*Your task:*
The entries below are to be returned as written, with all pictures dropped.

====================

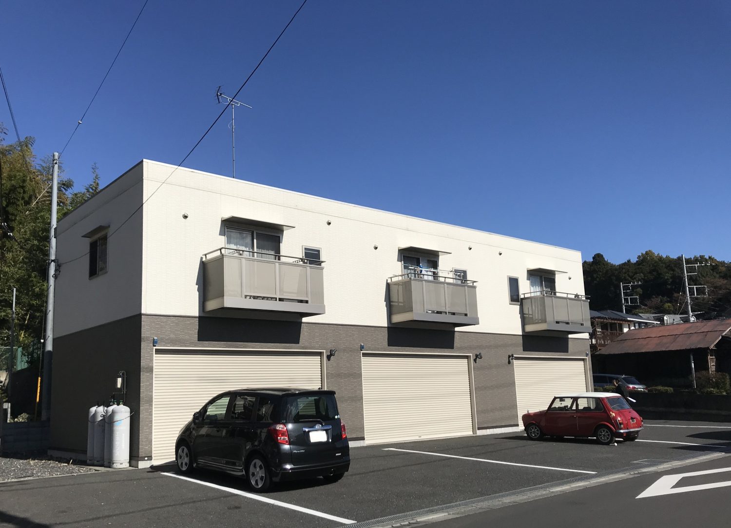 車2台分収容可能ガレージ+1Rの居住スペース+屋外専用駐車場(車2台分)
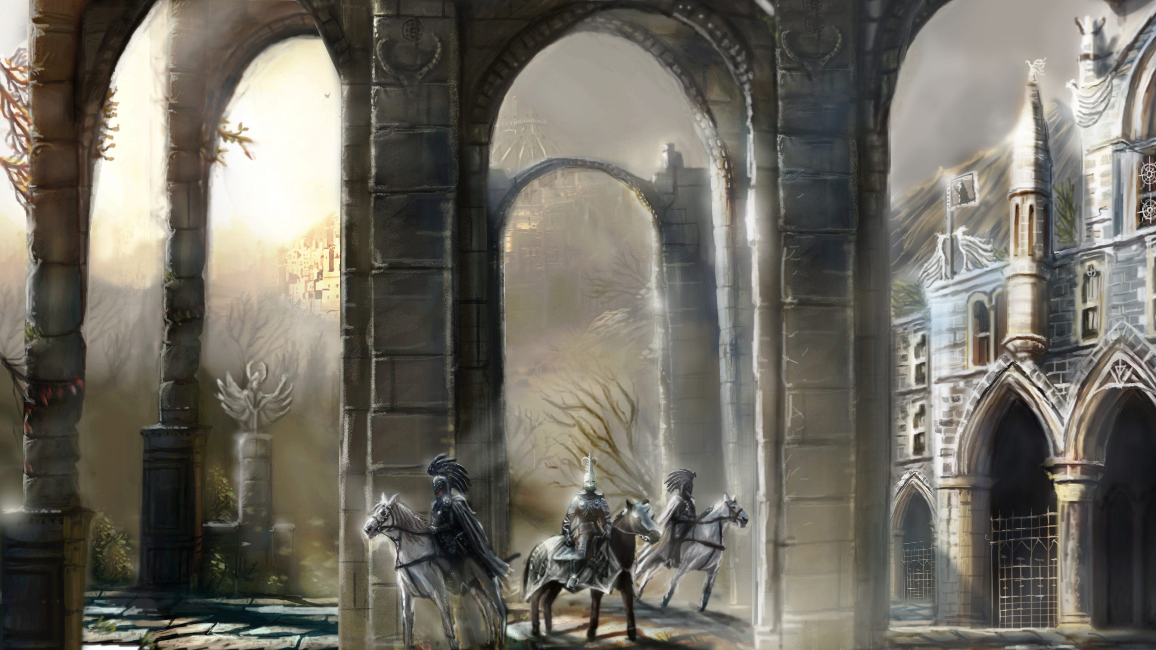 Обои 3840x2160 фэнтези, рыцарь, спекулятивная фантастика, святое место, арка, 4K Ultra HD картинка
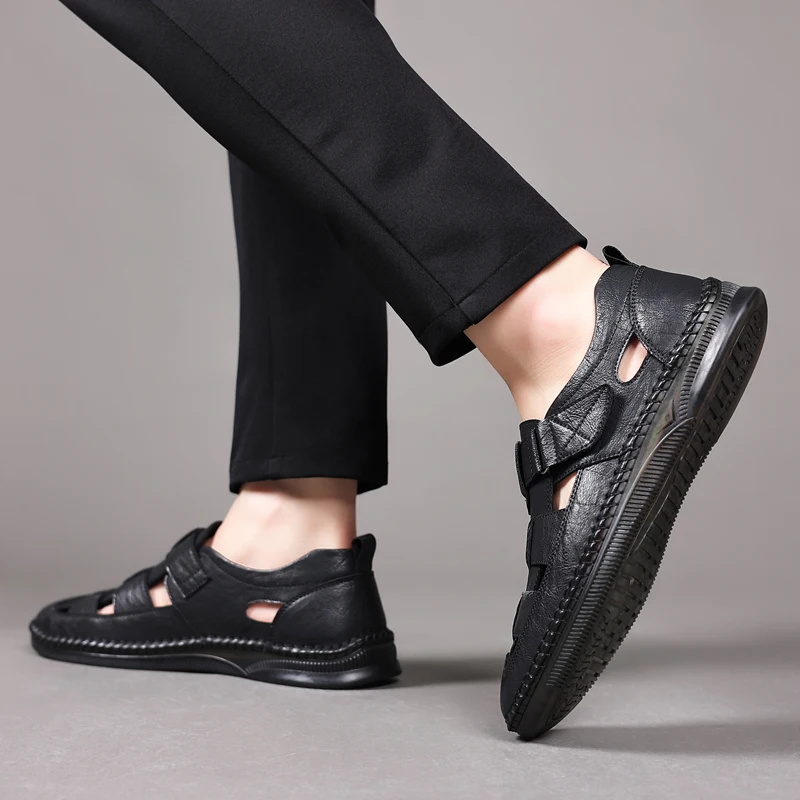 New In Sandals for Men Outdoor Beach Flats Breathable Casual Normal Leather Casual Anti Slip Designer Replica Summer Sandals
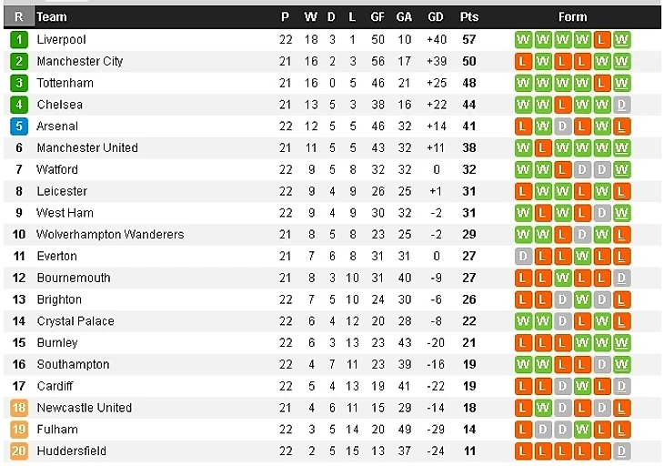 Турнирная таблица на данный момент выглядит следующим образом.
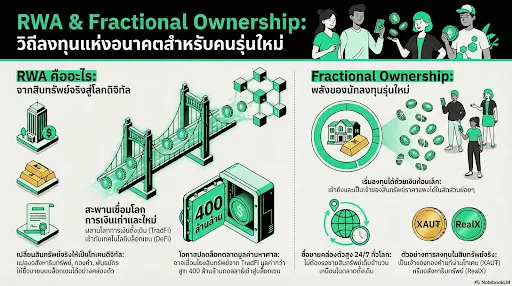 บทความนี้เราจะพาไปเจาะลึกตั้งแต่ความเข้าใจพื้นฐานของ RWA การเติบโตของตลาด ตัวอย่างสินทรัพย์ จนถึงอนาคตของ Fractional Ownership (การเป็นเจ้าของแบบสัดส่วน) ที่มีแนวโน้มว่าจะเปลี่ยนวิธีลงทุนของคนรุ่นต่อไปแบบสิ้นเชิง
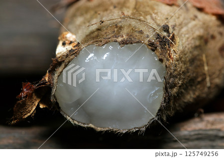 全身毛深いオオゴムタケ茸の可食部となる半透明な寒天質な内部アップ(自然環境下ストロボマクロ撮影)

====================

*Result:*
 車2台分収容可能ガレージ+1Rの居住スペース+屋外専用駐車場(車2台分)
 Обои 3840x2160 фэнтези, рыцарь, спекулятивная фантастика, святое место, арка, 4K Ultra HD картинка
 New In Sandals for Men Outdoor Beach Flats Breathable Casual Normal Leather Casual Anti Slip Designer Replica Summer Sandals
 Турнирная таблица на данный момент выглядит следующим образом.
 บทความนี้เราจะพาไปเจาะลึกตั้งแต่ความเข้าใจพื้นฐานของ RWA การเติบโตของตลาด ตัวอย่างสินทรัพย์ จนถึงอนาคตของ Fractional Ownership (การเป็นเจ้าของแบบสัดส่วน) ที่มีแนวโน้มว่าจะเปลี่ยนวิธีลงทุนของคนรุ่นต่อไปแบบสิ้นเชิง
 全身毛深いオオゴムタケ茸の可食部となる半透明な寒天質な内部アップ(自然環境下ストロボマクロ撮影)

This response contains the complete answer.